AWS Comprehend is a service that uses NLP to extract information of text files (comments, documents, ...). There is 2 way to use it :
* Using the native model : simple and powerful way to extract Entities (people, dates, proper names, ...), key phrases, language, sentiment and syntax. It is based on large amount of training data.
* Use custom classifier : create a model from s3 labeled documents, then run asynchronous jobs to classifier new documents

More about comprehend here : https://docs.aws.amazon.com/comprehend/latest/dg/what-is.html

Here we will show the way to format files that would be readable for aws comprehend. Then explain how to use it via AWS console.
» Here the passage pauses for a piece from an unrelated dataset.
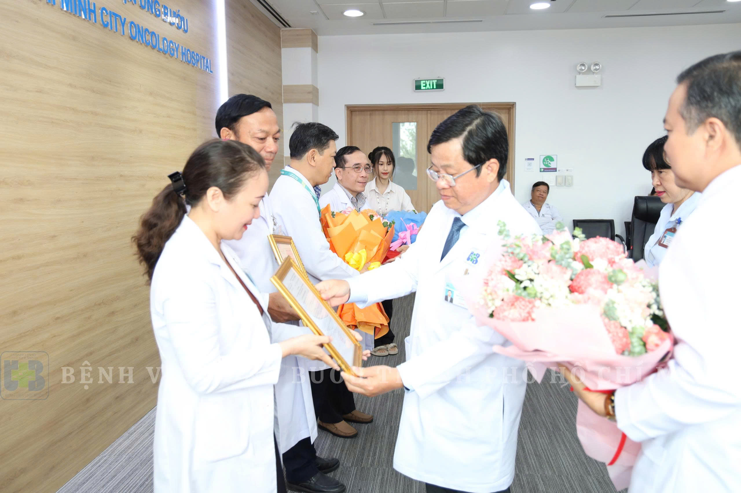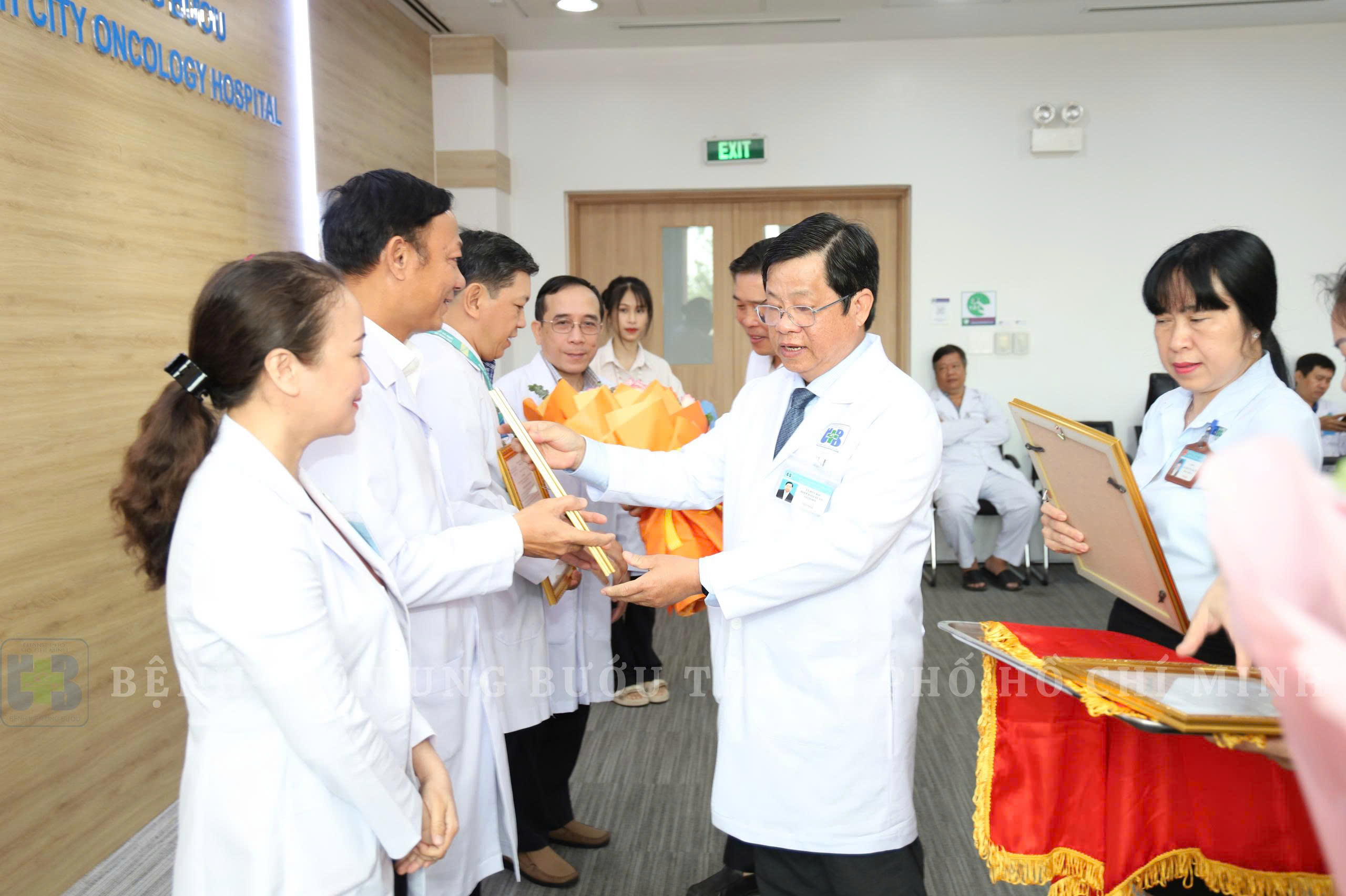 Sáng ngày 08/7/2025, Ban Giám đốc Bệnh viện Ung Bướu TP.HCM đã khen thưởng tập thể ekip y tế thực hiện thành công kỹ thuật xạ trị áp sát trong mô cho một bệnh nhi 5 tuổi mắc sarcôm cơ vân cạnh hậu môn – một trường hợp hiếm gặp, khó xử trí trong lâm sàng, được chuyển đến từ Bệnh viện Nhi trung ương, Hà Nội sau hội chẩn. Đây là ca xạ trị áp sát cho bệnh nhi thứ 5 đã được 2 bệnh viện phối hợp điều trị thành công.

Further coding would be to replace console actions by programs using boto3

In [60]:
import pandas as pd

In [61]:
toxicComments = pd.read_csv('../0-data/toxic-comments/train_preprocessed.csv');

In [62]:
toxicComments.shape

(159571, 10)

In [63]:
toxicComments.head(2)

Unnamed: 0,comment_text,id,identity_hate,insult,obscene,set,severe_toxic,threat,toxic,toxicity
0,explanation why the edits made under my userna...,0000997932d777bf,0.0,0.0,0.0,train,0.0,0.0,0.0,0.0
1,d aww he matches this background colour i m s...,000103f0d9cfb60f,0.0,0.0,0.0,train,0.0,0.0,0.0,0.0


In [64]:
def getRowToxicityLabel (row):
    if(row['identity_hate']):
        return "IDENTITY_HATE"
    elif(row.insult):
        return "INSULT"
    elif(row.obscene):
        return "OBSCENE"
    elif(row.severe_toxic):
        return "SEVERE_TOXIC"
    elif(row.threat):
        return "threat"
    elif(row.toxic):
        return "TOXIC"
    elif(row.toxicity):
        return "TOXICITY"
    else:
        return "CLEAN"

In [65]:
labeledComments = pd.DataFrame({
    "label": toxicComments.apply(getRowToxicityLabel, axis=1),
    "text": toxicComments.comment_text
})

In [66]:
labeledComments.head(10)

Unnamed: 0,label,text
0,CLEAN,explanation why the edits made under my userna...
1,CLEAN,d aww he matches this background colour i m s...
2,CLEAN,hey man i m really not trying to edit war it...
3,CLEAN,more i can t make any real suggestions on im...
4,CLEAN,you sir are my hero any chance you remember...
5,CLEAN,congratulations from me as well use the tool...
6,INSULT,cock suck before you piss around on my work
7,CLEAN,your vandalism to the matt shirvington article...
8,CLEAN,sorry if the word nonsense was offensive to ...
9,CLEAN,alignment on this subject and which are contra...


In [67]:
labeledComments.to_csv('./train_set.csv', encoding='utf-8', index=False, header=False)

In [68]:
testComments = pd.DataFrame(data=[
    "hello, I'd like to know where I could find tutorials about Machine Learning",
    "You bitch have no clue of what you say'in"
])
testComments.to_csv('./test_set.csv', encoding='utf-8', index=False, header=False)

## Next steps

To use comprehend to classify further comments :
* Upload train_set.csv to s3
* Create a custom classifier using train_set.csv as train data (using aws-cli or online console)
* Upload test_set.csv to s3
* Create a job using test_set.csv as input
* Run the job
* After job processing, results will be available on s3

Note that AWS Comprehend custom classifiers are currently async. Meaning that you won't be able to get predictions via simple request, but you have to create and run a job and then read the s3 result file.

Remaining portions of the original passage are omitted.